2 | I Miss You

30.6K 2.9K 33
                                    

Shalitta berjalan dengan cepat meninggalkan Malik di belakangnya. Sebenarnya kakinya udah mau patah tapi dia benar-benar nggak peduli sekarang. Dia cuma pengen membebaskan diri dari makhluk di belakangnya yang terus berjalan mengikutinya.

Saat ia mengarah keluar untuk menuju ke lift yang mengarah ke basement, dengan cepat lelaki di belakangnya itu menangkap pergelangan tangannya dan menahan nya melangkah lebih jauh.

"Mau kemana?" Ujarnya datar, tidak benar-benar ingin jawaban. "Nggak usah macem-macem."

Shalitta berusaha melepaskan tangannya dari genggaman Malik namun Malik tidak sama sekali bersedia melepasnya.

"Istirahat di mobil aja, Lik."

"Biar apa? Di kamar, kan, bisa. Aku udah dititipin sama Pasha sama Icha. Kamu mau aku dihajar gara-gara biarin kamu istirahat di mobil?" Malik tak menyerah.

"Ya, diem-diem aja. Nggak usah ada yang tahu—"

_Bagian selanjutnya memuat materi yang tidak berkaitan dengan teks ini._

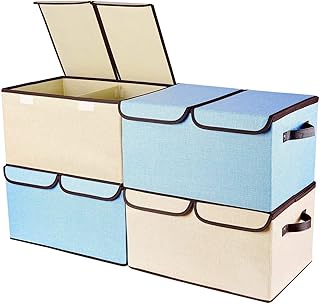 Senbowe 大型収納キューブ [4パック] リネン生地 折りたたみ可能 収納キューブ 容器 オーガナイザー バスケット 蓋付き ハンドル付き 取り外し可能な仕切り 家庭 保育園 クローゼット用 - (17.7 x 11.8 x 9.8インチ)

"Nggak usah keras kepala." Malik berdecak. Mulai nggak sabar.

"Lepas, ah! Sakit!" Shalitta masih berusaha pelan-pelan melepaskan tangannya.

Ia mencoba tak menarik perhatian orang sekitar karena ia tak mau jadi tontonan. Apa kata orang kalau mereka bikin sinetron di tempat umum kaya gini? Jelas, Shalitta malas banget kalau tiba-tiba ada yang merekam dan drama mereka tiba-tiba viral di dunia maya.

Lebay memang. Tapi bukannya emang begitu orang-orang jaman sekarang? Lebay.

"Nggak." Malik menolak dan malah menyeret Shalitta ke depan lift.

Ia memencet tombol lift dan memandang layar indikator lift tanpa menghiraukan Shalitta yang masih berusaha melepas tangannya.

"Lik!"

"Aku nggak malu, ya, kalo mesti bikin drama di sini," Ujar Malik sambil menatap Shalitta dengan tajam. "Aku nggak pernah peduli kalau semua orang tahu."

Shalitta mati kutu. Dia masih punya malu. Hal itu juga yang membuat Shalitta tak pernah mau orang lain tahu, bahwa ada sesuatu antara dirinya dan pria di hadapannya itu.

Akhirnya mau nggak mau, dia menurut. Walau dengan wajah tertekuk masam, mau tak mau ia membiarkan Malik menggenggam tangannya hingga lantai 52 dan lanjut lagi ke lantai 60. Perjalanan lift itu terasa lama sekali.

Shalitta berasa seperti seorang sandera.

Malik tak sedetik pun melepaskan genggamannya. Shalitta benar-benar sudah terasa mati suri karena sejak pertama kali Malik menyentuhnya, jantungnya sudah tak kedengaran detaknya.

Shalitta hanya bisa memandangi punggung Malik yang berjalan satu langkah di depannya. Berusaha keras menghilangkan semua memori masa lalu yang menyeruak keluar menyerang ingatannya.

Punggung yang lebar dan kokoh itu melempar dirinya ke pusaran memori yang sudah ia kubur dalam-dalam. Sudah lama ia tidak mau mengingat lagi bagaimana punggung itu pernah menjadi tempat sandaran paling nyaman.

Malik membuka pintu kamar dan membawa Shalitta masuk.

Awalnya Shalitta ragu. Langkahnya sempat terhenti namun Malik tak peduli dan terus menarik dirinya hingga benar-benar berada di dalam suite.

Malik melepaskan genggamannya dan menunggu Shalitta berjalan masuk ke area tempat tidur. Setelah Shalitta berjalan ke sana dan memastikan wanita itu tak akan punya kesempatan kabur, barulah Malik menyusul.

Shalitta akhirnya membuka heels nya. Ia berjalan menuju area tempat tidur lalu menaruh clutch nya di nakas samping tempat tidur.

"Kamu bisa tidur di sini. Nanti aku bangunin kalau kita semua udah mau jalan," ucap Malik dengan kedua tangan di dalam saku celana. Matanya menatap lekat Shalitta yang terlihat canggung. "Kamu mau mandi dulu?"